Not only does it offer us perhaps the single most iconic and fundamental final visual of the entire series, but everything that it is saying has a great deal of aware and progressive purpose; its the moment that Star Wars finally GETS it and grows up. By growing up, I don’t mean to mature into something more serious or disinterested, but it takes a step back in a quiet moment of contemplation and sees everything that it has done for generations of audiences in a single moment.
The children playing with the dolls that represent the characters is as good a metaphor as any for the merchandising monolith the series became. Lucas has even stated in the past that the best thing that came out of the franchise were the toys, and the inspiration it spurred in generations of children to make up their own adventures with the characters as established figures. (If you wanna go even further, could it be that everything in The Last Jedi has been a product of these children’s imaginations all along? Unlikely, but imagine that).
As they go on with their lives and responsibilities, children with chores and adults with their daily lives and occupations, just for a moment the nameless boy is able to imagine himself as one of these heroes. Taking his lightsaber substitute in hand and striking a dramatic and powerful pose in a fleeting moment of empowerment in a cruel and demanding world. It’s quite possibly the most focused and emblematic representation of what Star Wars is and always has been all along.
Also of note, his use of the force to pull the broom toward him. One of the biggest revelations of the film is that the supposed mystery of Rey’s parents is that they’re actually nobodies; no one already established, no famous Jedi, no one even important, and Rey has possibly always known this – and this is the best trick the movie pulls. The fact that she is as powerful as she with the force is a reinforcement that you don’t need a birthright to be able to use the force, it doesn’t matter who you are or where you come from, you can overcome the odds to become something that can be a force for change, and this extends to the young boy as a stand-in for all of us.
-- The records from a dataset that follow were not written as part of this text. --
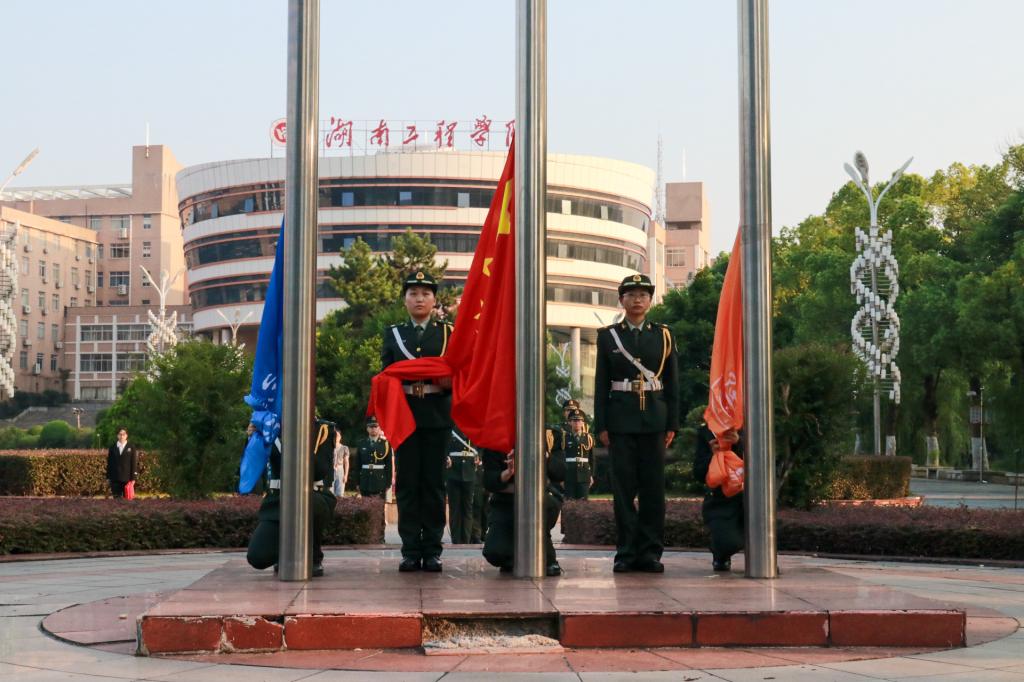 “相聚湘江之滨,踏着伟人足迹……”校歌中的每一句歌词都蕴含着对未来的期许,激励着湖工学子不断前行、勇攀高峰。在同学们悠扬的歌声里,升旗仪式圆满结束。
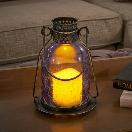 Smart Living 11" Monaco Glass LED Candle Outdoor Lantern - Amber
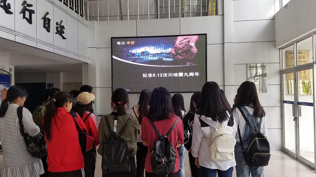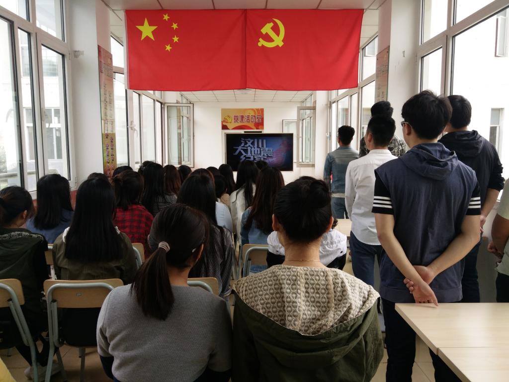 爱国教育进课堂,激发爱国情怀。组织大一到大三员工课前五分钟观看纪念汶川地震九周年短片,通过影视资料重温灾难时情景,使员工体会中国人民万众一心、众志成城的精神力量,体会民族精神的伟大内涵。
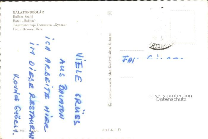 old postcard Balatonboglar Hotel Hullam postalisch gelaufen Erhaltung siehe scans
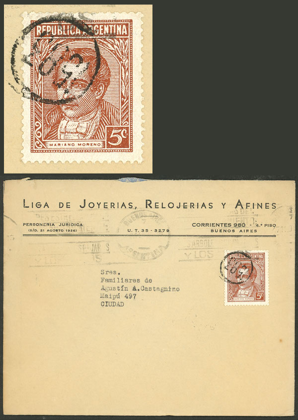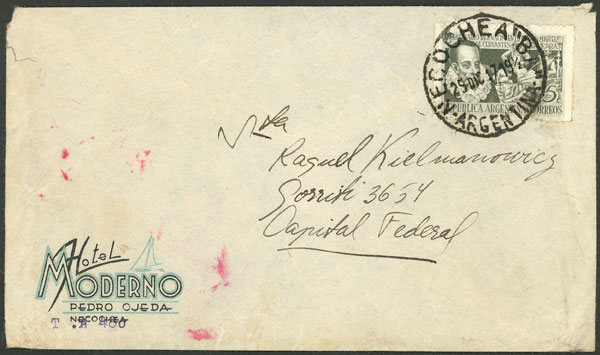 with cachet of "HOTEL MODERNO", franked with 5c., sent from Necochea to Buenos Aires on 29/DE/1947, small stains (Image)
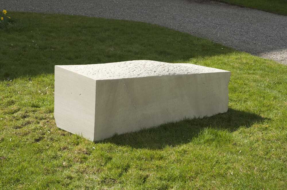 The pregnant coffin is one artwork of a three-part series on the process of dying, saying goodbye, and grieving. A sculpted stone with its subtle 'belly' symbolizes at once birth and the last resting-place after death. Based on this sculpture, Vera Staub then created a transparent installation ('Das Tuch') that only hints at the the contours of the coffin: a shroud made out of synthetic resin, initially flowing softly, later solidified and stiff. The artist traveled the country trapsorting the shroud in a circus wagon from town to town. On public spaces, people are encouraged to visit the wagon, where curiousity and lightheartedness often gave way to a sudden discomfort.Â
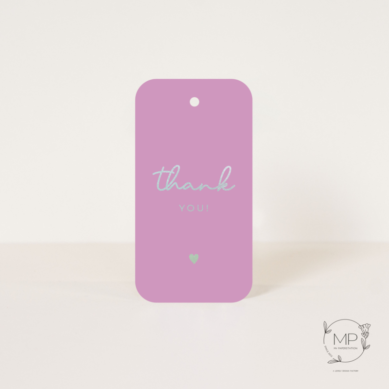 Label Thank you / set van 5Label met holografisch zilver en voorzien van afgeronde hoeken.
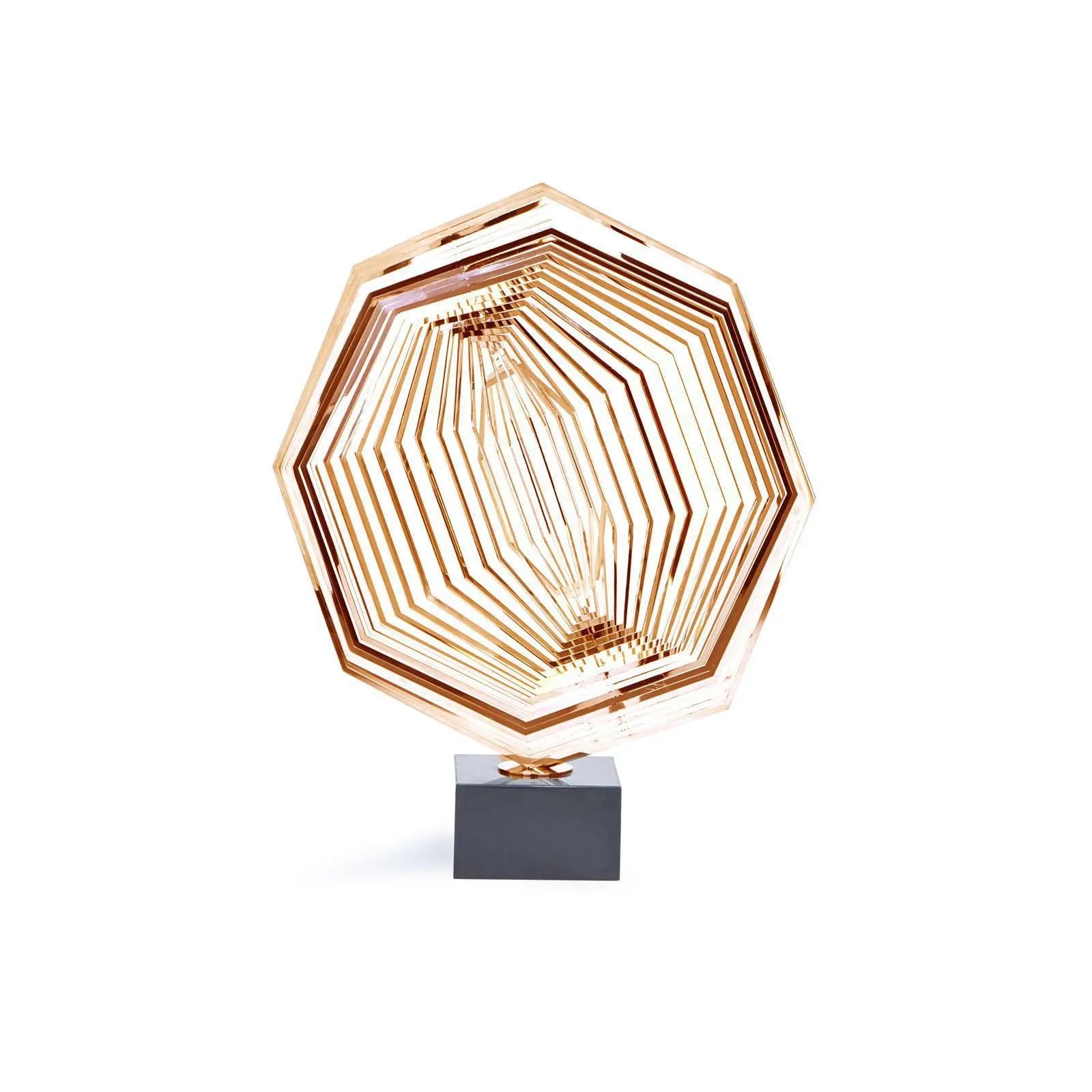 Melodious Tune-3 Modern Sculpture presented by Roberto Grassie Furniture crafted with variation of rose gold, silver and titanium gold painted stainless steel.

There have been people online trying to discern who the boy is and who his parents might be or if he might become significant at a later date, but this is beside the point of its significance and the film’s stance as a whole of disregarding fan theory and speculation as meaningless hyperbole. What it does is look to the future, not to the past or the rhythms of the series’ nostalgic perspective so far. We are this young boy; a nameless onlooker to the myths of our past and ongoing future who carries the flame of hope and rebellion as we live out our lives on the sidelines.